Носимый по всем континентам различными веяниями и судьбами, П. оказывается в стране кленового листа девятьсот девяностых годов второго тысячелетия.
«Дела привели меня в мятежный Квебек,– пишет автор,– Локальнее – в Монреаль, ставший своего рода канадским Бейрутом. Часы на вокзальной башне показывали полшестого, на моих было девять, а по Молсону (Молсон – канадский пивной король. Его гигантский завод в Монреале построен на вершине горы Монтроял. Часы, вмонтированные в трубу предприятия, видны почти с любой точки города) дело близилось к полночи. Вдали постреливали.
«Эй, приятель! – по-свойски окликнул я какого-то мимохода в бойких усах.– Сколько времени, малограмотно говоря?»
«Виноват, но этого больше нету».
«Pourquoi?» – чуть ли не удивился я.
«Разве сами не знаете?» – тихо сказал субъект.
«Понятия не имею. Я, видите ли, приезж, прямо с поезда».
«То, о чем вы спросили, упразднено».
«Кем?»
Он оглянулся и молвил: «Бунтовщиками».
«Безумцы!» – всплеснул я руками.
«Презумпция? – извратил мимоход, уносимый сквозняком мятежа в некую подворотню.– Презумпцию отменили тоже».

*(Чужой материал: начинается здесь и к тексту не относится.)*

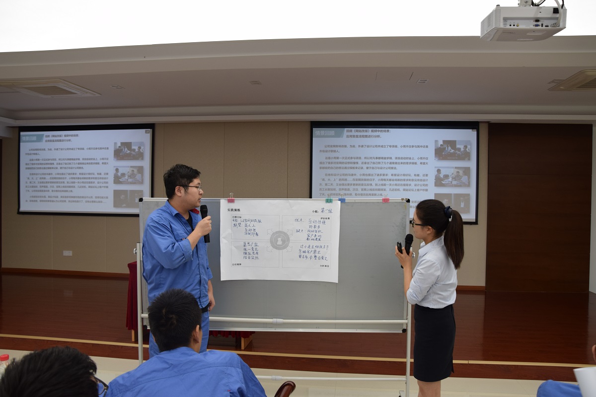 課程中的實踐演練部分,讓學員在已設定的情景下,利用已學習的內容進行分組討論互動,發表自己的觀點,既達到融會貫通,又寓教于樂,使培訓現場氣氛既有針對性,又生動活潑。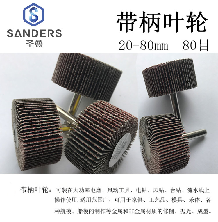 带柄叶轮常常应用于不锈钢、铜、铁、铝、塑料、竹木等金属及非金属材料的各种复杂型面,深空的抛磨和精加工,尤其适用对凹凸面和侧面的行修焊缝、去毛刺、除锈等。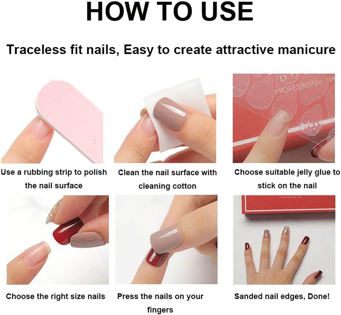 【EASY TO USE】Trim and clean your natural nails first, choose the right size and apply our fake nails jelly glue, then press on the nails for 10 seconds. When removing press on nails, soak the nails in water for 1 minute and then easier removal.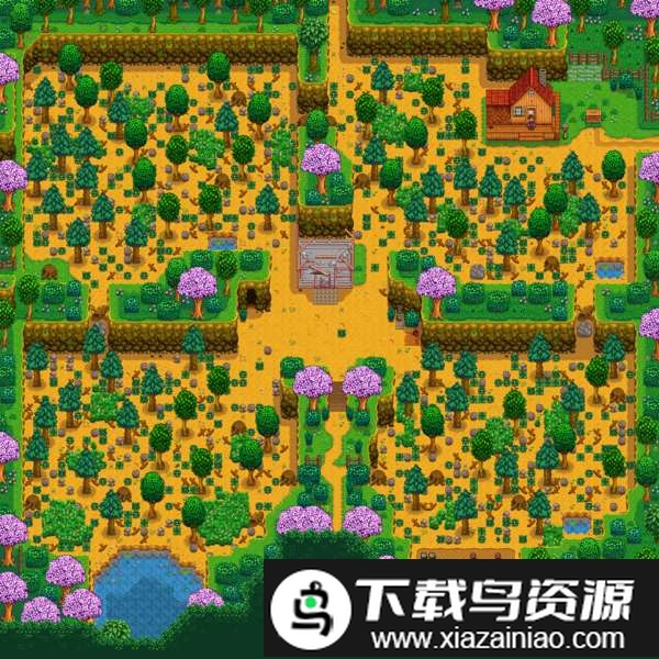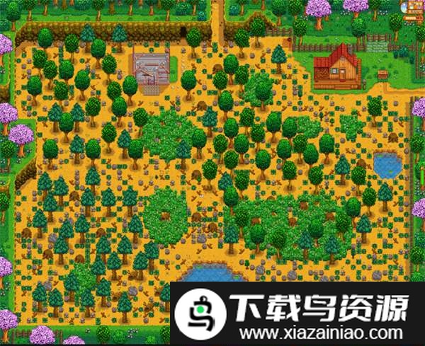 地图上分布着能产出浆果的灌木丛,部分树木可以被砍伐。在地图西侧区域,你可以定期找到八个可再生的大树桩以获取硬木,并能采集到随季节变化的野生物品,例如春天的羊肚菌、夏天的甜豌豆、秋天的各种蘑菇等;此处特殊的杂草被清理后总是会掉落混合种子。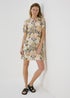 Beige Leaf Print Linen Dress

"Зато,– заочно полемизирует с ним Палисандр,– в провинцию была возвращена из-за океана традиционная галльская гильотина. Лонгвийский гравер вывел вдоль лезвия девиз злопамятных кебекуазов – «Je me souviens»– и адрес: «Великому народу Квебека от металлургов Лорейна»».
Отделение провинции от остальной Канады, состоявшееся в те же дни, сопровождалось повальным саморазоблачением ренегатов и отчленением их туловищ от голов. Первым по недоразумению казнили Рене Левека, вдохновителя победившего беспорядка.
На эшафоте бывший премьер-министр выглядел осунувшимся, но счастливым. Знак v не давал покою кистям его рук, и Клио дышала ему в лицо, словно преданная Химера. Расстроганно-благодарный народ ликовал и плакал. Закон – молчал. Лишь в последний момент возникает революционный герольд и кричит, что постановлением свыше лишение головы заменяется господину Левеку гражданским умалишением. Раздосадован неуместной гуманностью, он в сердцах эмигрирует из республики в тот же вечер.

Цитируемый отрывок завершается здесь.